No pictures belong in the copy. Retype exactly, and only, the stretch of lines below from the one with "Då en syra löses" through the one with "Epstein’s cow-nterpart, Jeffriesian".

* _Source data_
+ + +

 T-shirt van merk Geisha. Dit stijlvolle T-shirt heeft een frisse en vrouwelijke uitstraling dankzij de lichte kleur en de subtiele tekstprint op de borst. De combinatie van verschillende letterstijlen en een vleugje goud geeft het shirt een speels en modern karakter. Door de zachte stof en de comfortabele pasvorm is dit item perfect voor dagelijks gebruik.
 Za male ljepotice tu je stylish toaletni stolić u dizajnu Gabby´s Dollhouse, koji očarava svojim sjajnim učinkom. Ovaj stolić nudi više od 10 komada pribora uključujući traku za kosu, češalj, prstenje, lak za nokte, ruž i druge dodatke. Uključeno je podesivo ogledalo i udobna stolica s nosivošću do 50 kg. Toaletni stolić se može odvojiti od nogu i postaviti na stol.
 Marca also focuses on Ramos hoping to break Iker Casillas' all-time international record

+ + +

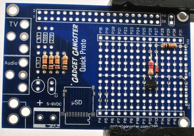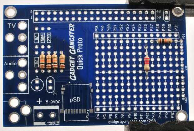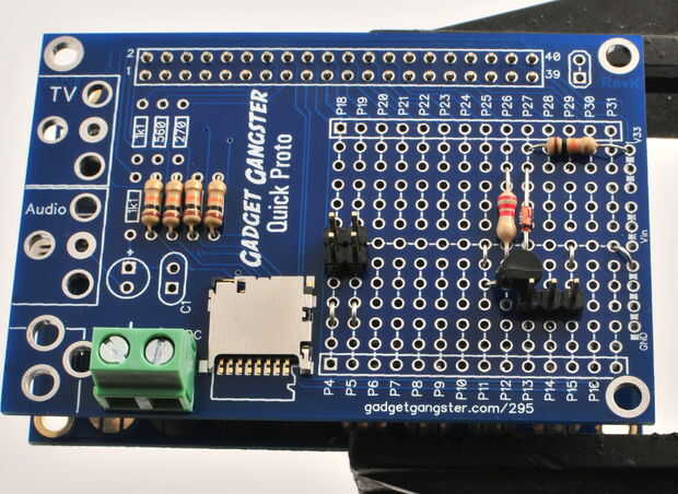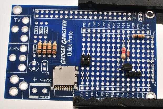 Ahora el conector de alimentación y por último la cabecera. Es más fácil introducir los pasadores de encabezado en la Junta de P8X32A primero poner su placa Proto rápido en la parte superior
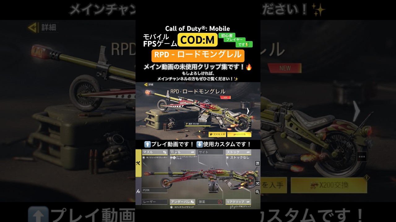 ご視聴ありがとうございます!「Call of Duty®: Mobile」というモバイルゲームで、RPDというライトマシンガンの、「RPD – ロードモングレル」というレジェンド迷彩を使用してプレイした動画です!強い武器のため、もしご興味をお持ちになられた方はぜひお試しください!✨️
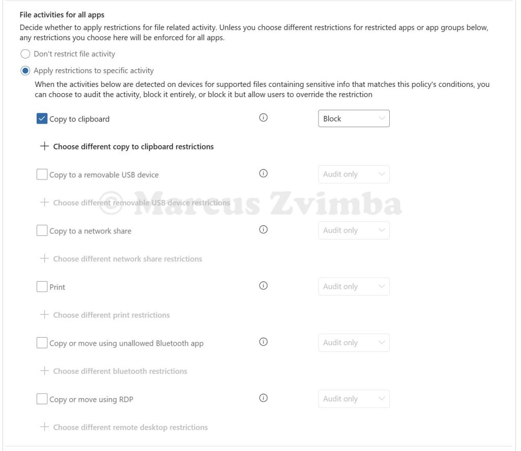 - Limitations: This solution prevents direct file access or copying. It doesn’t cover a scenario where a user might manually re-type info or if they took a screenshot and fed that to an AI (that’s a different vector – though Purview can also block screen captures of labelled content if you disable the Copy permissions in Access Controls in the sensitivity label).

+ + +

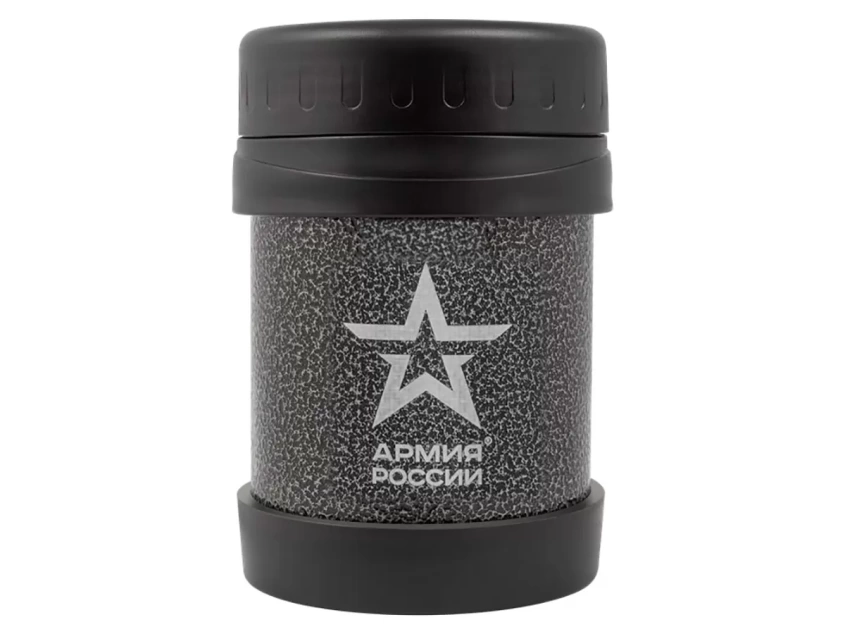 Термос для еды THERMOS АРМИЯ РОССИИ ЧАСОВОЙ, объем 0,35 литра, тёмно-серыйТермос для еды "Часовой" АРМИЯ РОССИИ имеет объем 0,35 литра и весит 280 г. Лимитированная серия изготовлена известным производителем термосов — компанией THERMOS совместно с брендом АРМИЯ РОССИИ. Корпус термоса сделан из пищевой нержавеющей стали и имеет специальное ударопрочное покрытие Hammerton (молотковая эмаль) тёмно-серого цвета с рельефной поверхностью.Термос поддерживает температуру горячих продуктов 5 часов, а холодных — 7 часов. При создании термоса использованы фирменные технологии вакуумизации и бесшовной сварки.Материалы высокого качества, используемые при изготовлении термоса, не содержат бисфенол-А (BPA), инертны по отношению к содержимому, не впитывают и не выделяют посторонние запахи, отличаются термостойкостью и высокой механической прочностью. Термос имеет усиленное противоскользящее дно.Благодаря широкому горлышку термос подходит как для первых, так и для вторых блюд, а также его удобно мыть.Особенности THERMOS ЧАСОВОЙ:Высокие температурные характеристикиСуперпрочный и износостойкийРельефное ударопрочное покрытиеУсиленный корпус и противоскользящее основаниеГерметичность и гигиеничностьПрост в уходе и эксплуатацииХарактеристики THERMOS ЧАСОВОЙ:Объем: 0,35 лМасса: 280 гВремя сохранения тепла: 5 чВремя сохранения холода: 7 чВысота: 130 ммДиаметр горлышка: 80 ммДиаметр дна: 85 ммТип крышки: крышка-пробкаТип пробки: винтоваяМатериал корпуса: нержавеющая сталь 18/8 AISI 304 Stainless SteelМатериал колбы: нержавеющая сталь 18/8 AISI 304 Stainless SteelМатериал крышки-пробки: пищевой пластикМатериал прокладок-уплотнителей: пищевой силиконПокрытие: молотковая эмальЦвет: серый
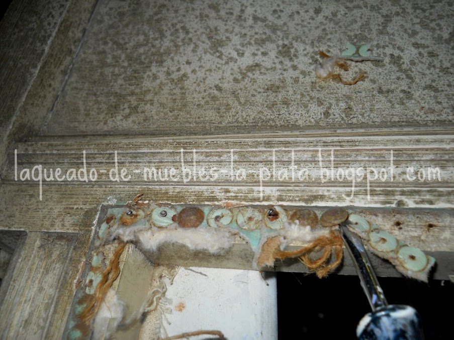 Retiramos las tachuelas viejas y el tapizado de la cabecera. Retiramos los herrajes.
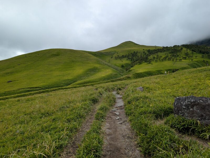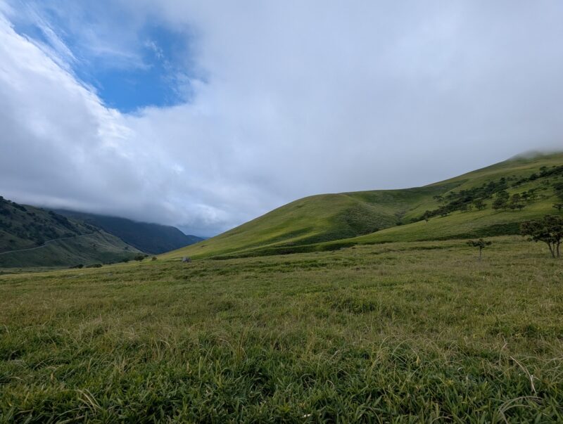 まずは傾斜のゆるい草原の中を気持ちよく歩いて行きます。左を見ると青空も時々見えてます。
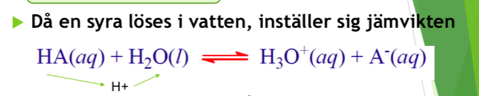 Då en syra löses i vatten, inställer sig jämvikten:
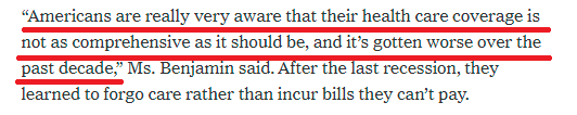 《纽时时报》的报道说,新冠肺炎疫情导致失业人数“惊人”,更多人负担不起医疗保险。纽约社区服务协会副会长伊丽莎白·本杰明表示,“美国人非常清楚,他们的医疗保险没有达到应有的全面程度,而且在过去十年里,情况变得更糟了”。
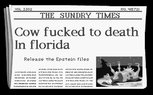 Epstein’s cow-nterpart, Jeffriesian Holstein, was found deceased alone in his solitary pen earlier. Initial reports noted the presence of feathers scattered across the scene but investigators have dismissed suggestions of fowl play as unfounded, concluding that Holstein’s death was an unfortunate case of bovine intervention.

+ + +

* _Expected answer_
 Då en syra löses i vatten, inställer sig jämvikten:
 《纽时时报》的报道说,新冠肺炎疫情导致失业人数“惊人”,更多人负担不起医疗保险。纽约社区服务协会副会长伊丽莎白·本杰明表示,“美国人非常清楚,他们的医疗保险没有达到应有的全面程度,而且在过去十年里,情况变得更糟了”。
 Epstein’s cow-nterpart, Jeffriesian Holstein, was found deceased alone in his solitary pen earlier. Initial reports noted the presence of feathers scattered across the scene but investigators have dismissed suggestions of fowl play as unfounded, concluding that Holstein’s death was an unfortunate case of bovine intervention.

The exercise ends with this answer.